Re: union all vs. left outer join

<henrik.sorensen_at_balcab.ch> wrote in message news:dkqvf8$pmk$2_at_news.hispeed.ch...
> VC wrote:
>
>>
>> What do you mean by 'will materilize' ?
> well in this case the explain show a full scan of the whole tables A-B-C.
> This cannot be right.
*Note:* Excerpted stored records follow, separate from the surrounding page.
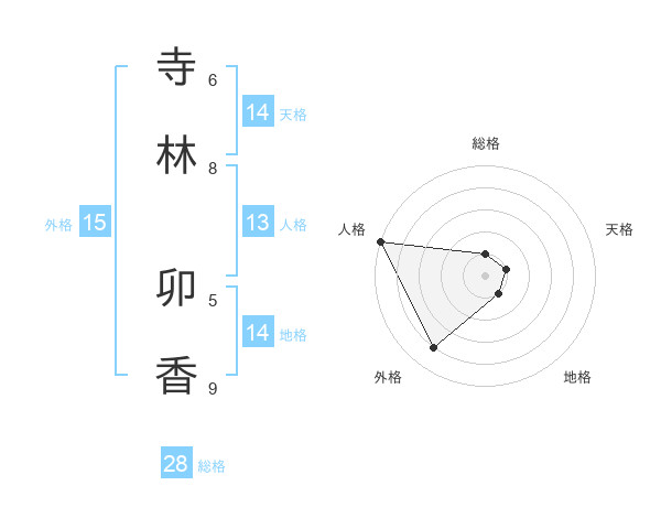 寺林 卯香さんの総格は28画の1点!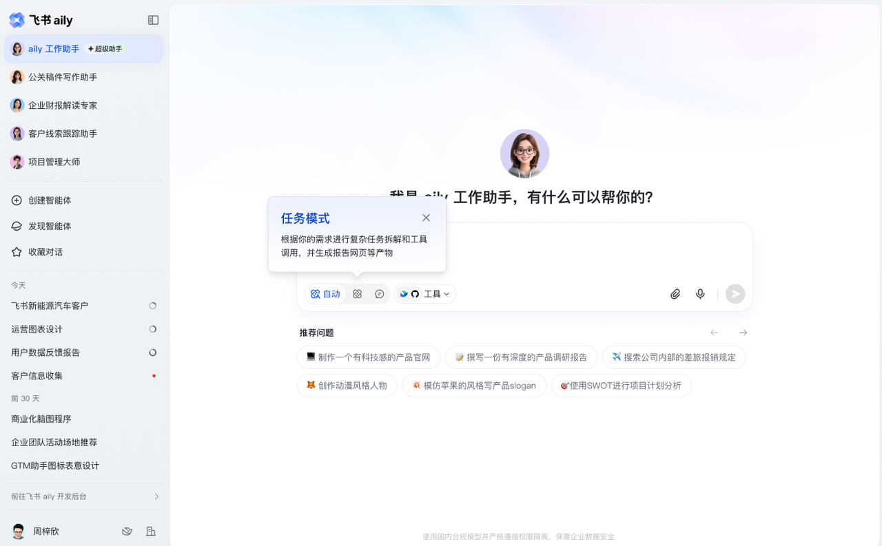 aily 工作助手全新任务模式,为智能体配备专属电脑和更多工具,支持更复杂的任务拆解,带来更丰富的交付,做你的超会工作的智能体。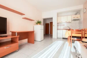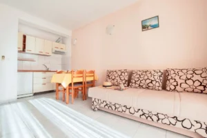 Apartmány se nacházeí v blízkosti písečné pláže, cca 800 m od centra Omiše. Na nejbližší pláž je možné využívat podchod. Krásná písečná pláž je také v nedalekém centru města. Apartmány A2+2 mají jednu ložnici a kuchyni s přistýlkou (rozkládací gauč), WI-FI, TV, chladničku, myčku nádobí, vařič, balkón, sociální zařízení. Studia – dvě – mají v jedné místnosti manželskou postel a kuchyňský kout, dále balkón, sociální zařízení.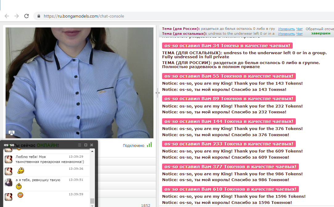 Premendo il tasto, farai sì che la modella -oOo- raggiunga per 60 secondi la prima posizione nella pagina principale. Durante questo periodo, la chat room della modella diventerà più visibile e incredibilmente popolare! Una notifica in merito alla tua azione apparirà all’interno della chat, visibile alla modella e a tutti gli altri utenti della chat. -oOo- apprezzerà certamente questo gesto e te ne sarà immensamente grata!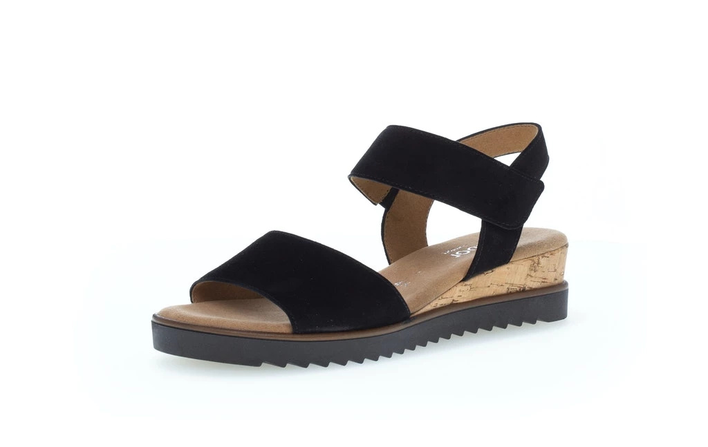 Die Gabor Sandalette mit kleinem Stretcheinsatz verbindet klassisches Design mit besonderem Komfort. Weite G sorgt für eine angenehme Passform und der kleine Stretcheinsatz ermöglicht eine individuelle Anpassung an den Fuß. Das strapazierfähige Ziegenveloursleder in samtigem Schwarz verleiht dem Schuh eine edle Note, während das Innenmaterial aus weichem Textil für ein angenehmes Tragegefühl sorgt. +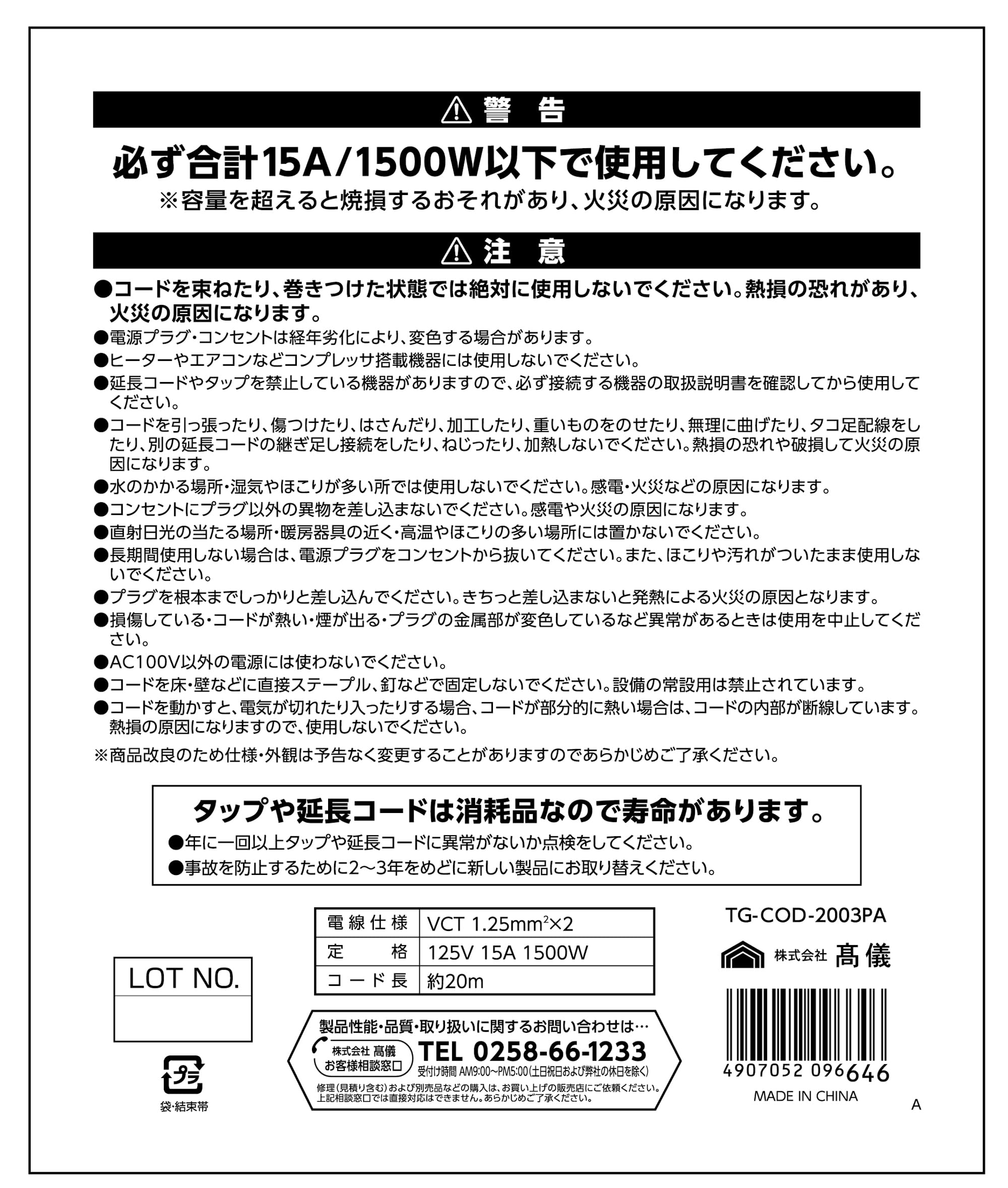 【新着特価】高儀(Takagi) M.M 延長コード 電源タップ トリプルタップ コンセント 電源ケーブル 延長ケーブル 電源コード 延長電源 作業用 カラー 3口 ソフトタイプ 1500Wまで 125V 15A 3個口 3分配 紫 コンセント たこあし 電工 20m パープル TG-COD-2003PA
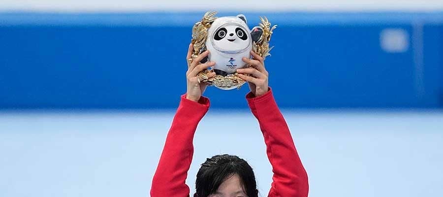 スピードスケート女子500メートルで銀メダルを獲得し、表彰台でビンドゥンドゥンを掲げる高木美帆【写真:AP】
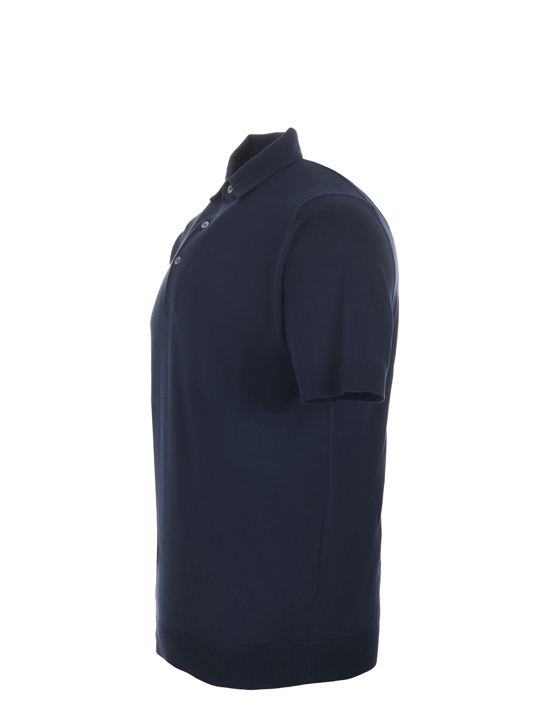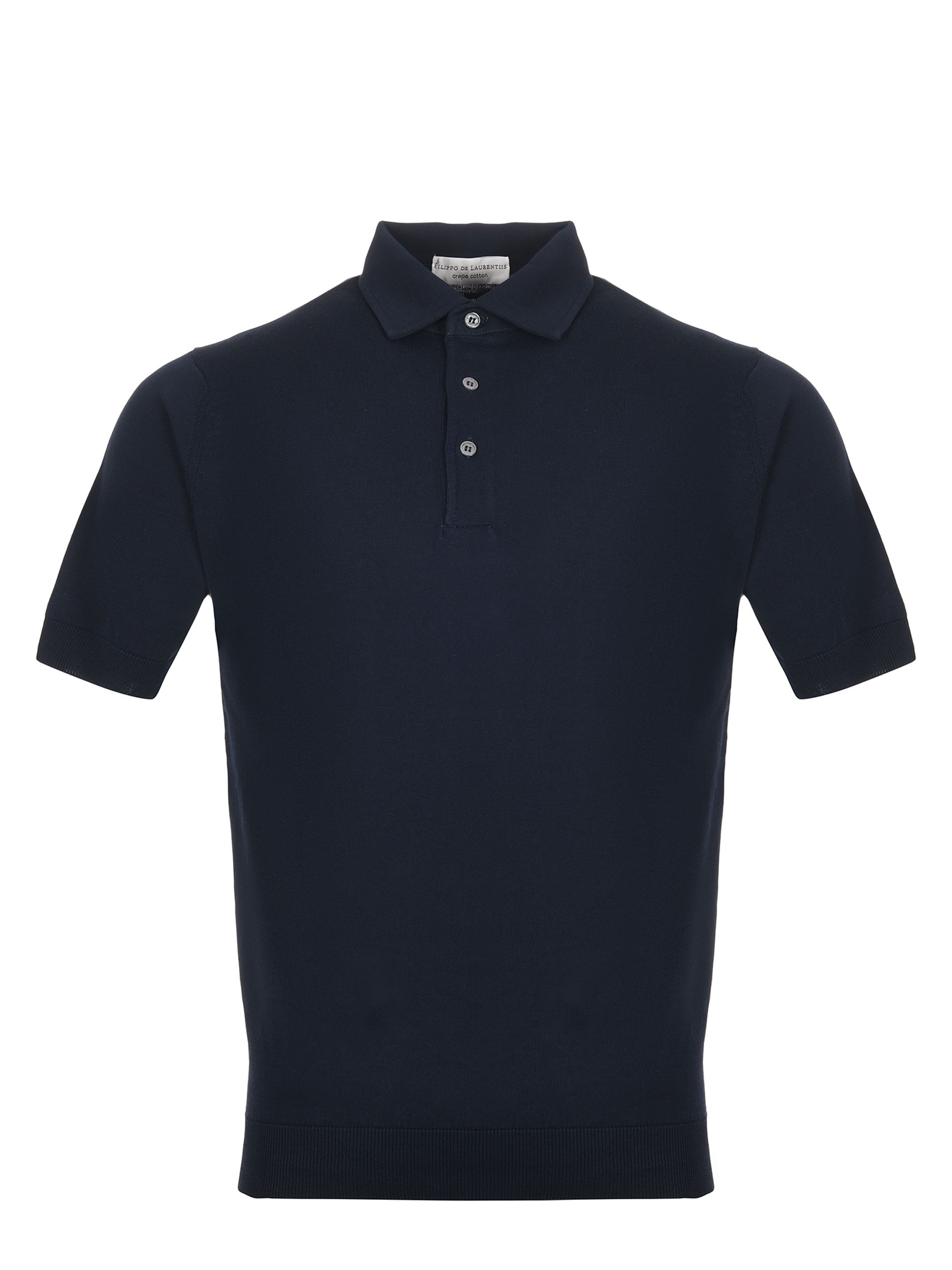 Polo Filippo De Laurentiis in filo di cotone Blu notte. Colletto classico a costine. Chiusura con 3 bottoni. Manica corta. Fondo a costine.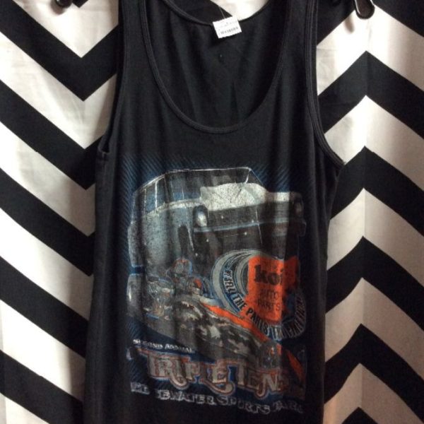 Tank top, Koi Auto Parts, screen printed design, Second Annual Triple Tens – Edgewater Sports Park, softy, black/white/gray/red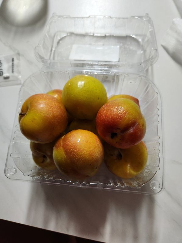 추희자두는 원래 초록빛이 강한 자두이며, 후숙을 하여도 위 사진과 같이 초록빛이 많이 남아있습니다. 최근 높인 기온과 습도 때문에 배송 과정 중에 과육이 과숙되는 것을 예방하기 위해 최대한 단단한 자두로 보내드리고 있습니다.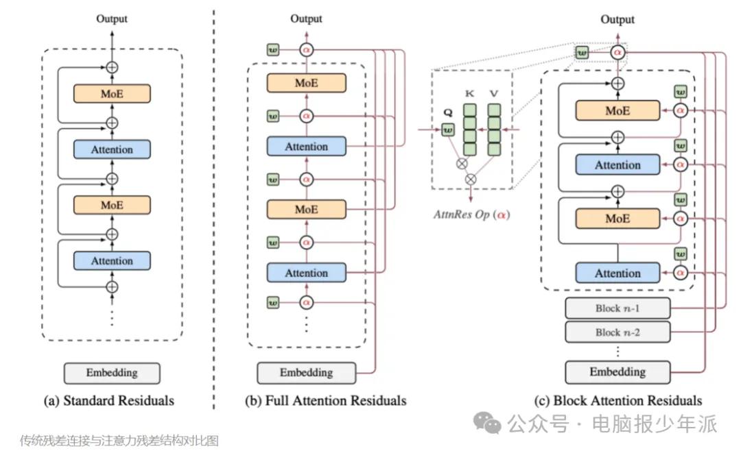 Kimi团队提出的“注意力残差”(Attention Residuals)机制,则是对这一底层逻辑的重构。它不再让每一层无差别地接收所有历史信息,而是引入了一个“智能筛选器”,让当前层按需选择最值得参考的内容进行聚合 。如果说传统方式是“搬运整座图书馆”,那么“注意力残差”就是“只带走最关键的几页参考文献”。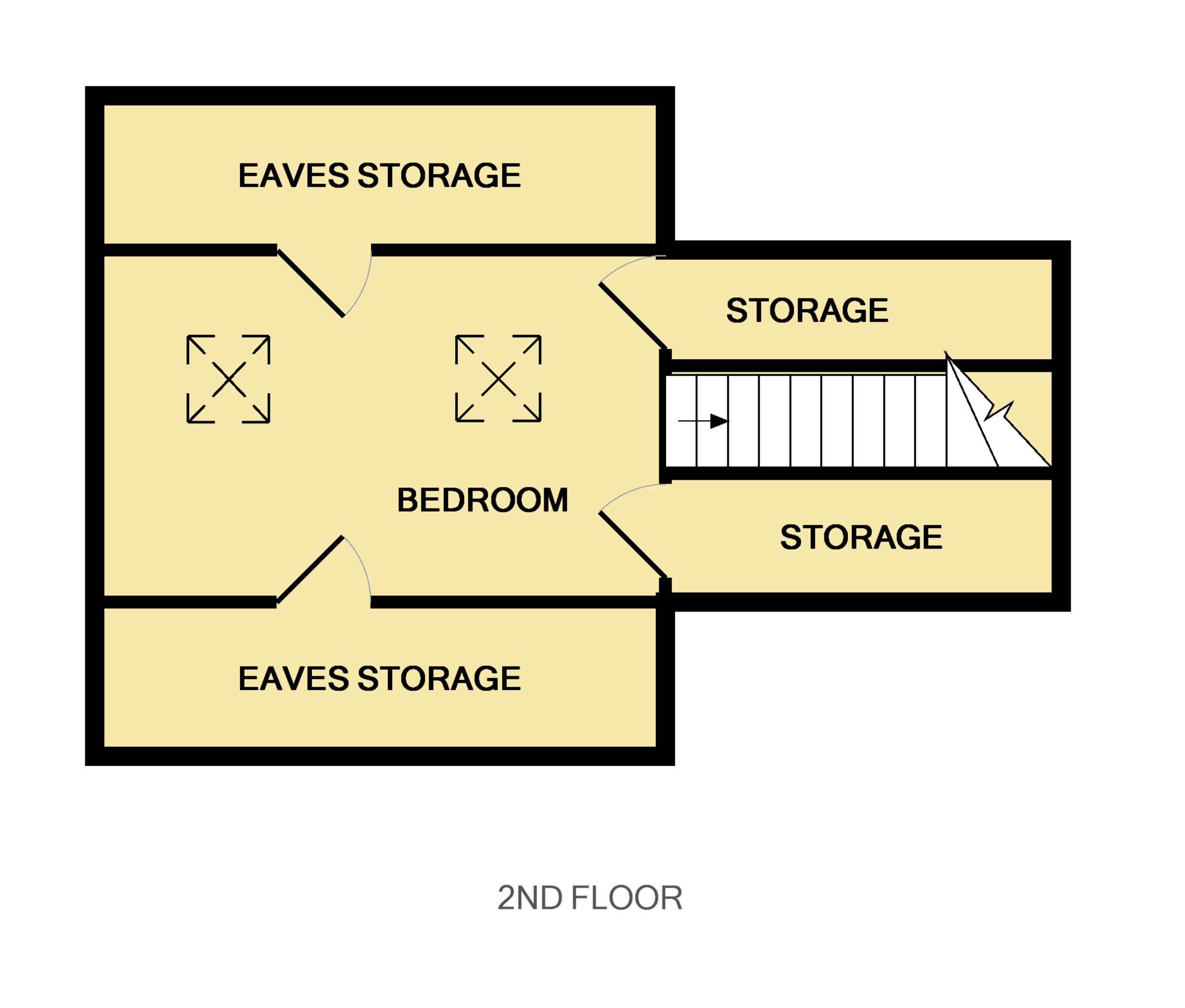 Vaulted ceiling, velux windows, access to storage space into eaves.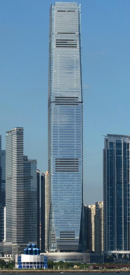 International Commerce Centre (Chinês tradicional:環球貿易廣場), esse centro internacional de comercio fica em Hong Kong, inaugurado em 2010, possui 118 andares com hotel, escritórios, praça de alimentação, e um observatório.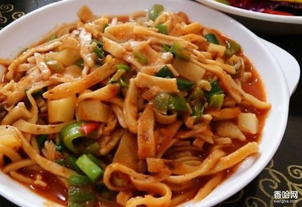 炒糊餑是一道西北地方著名小吃,流行于寧夏銀川、吳忠等地。特點是制作方便,配菜豐富,香、辣,嚼起來很有口感?!昂G”是一種用烙餅切成餅條的俗稱,又稱“糊餑子”。而所謂炒糊餑,其實通俗的說,就是將這種烙餅切成條狀,加以配料炒制而成的一道主食。

Afterall the explain shows that for the much smaller
> table E, an index was used to find the row with E.m1='A'.
>
>> There is no materialzation gong on
>> in Oracle:
>>
>> SQL> SELECT *
>> 2 from A
>> 3 left outer join B on A.id = B.aid
>> 4 left outer join C on A.id = C.aid
>> 5 inner join D on
>> 6 d.bid = B.id
>> 7 or d.bid = C.bid
>> 8 inner join E on E.id = D.eid
>> 9 where E.m1 = 'A'
>> 10 /
>>
>> Execution Plan
>> ----------------------------------------------------------
>> 0 SELECT STATEMENT Optimizer=ALL_ROWS (Cost=15 Card=32
>> Bytes=2240)
> ...snip...
>> There are just two hash joins, one merge join and one nested loop,
>> that's
>> all.
>
> true, but I am looking for an explanation why the Oracle (and DB2 for that
> matter) cannot create a list of consisting of B.aid and C.aid
> should be built and used for an indexed lookup on A.
>
> After all it doesn't make sense to scan the whole table, when not
> necessary.
>
> I have verified this on a large production sized database with the real
> data, and the full scan of A-B-C cannot be right.
>
>
>
>> As I said, you need to prepare a test case that
>> would have the same exec. plan as the production has and would
>> demonstrate
>> that the second query performs better.
>
> I have already tried in DB2 on z/OS, but I could probably prepare a zip
> file
> with some more data.
> Is there a policy regarding attachment to mails on this news group ?

Please do, and send it via e-mail.

>
> Henrik
Received on Tue Nov 08 2005 - 23:42:22 CET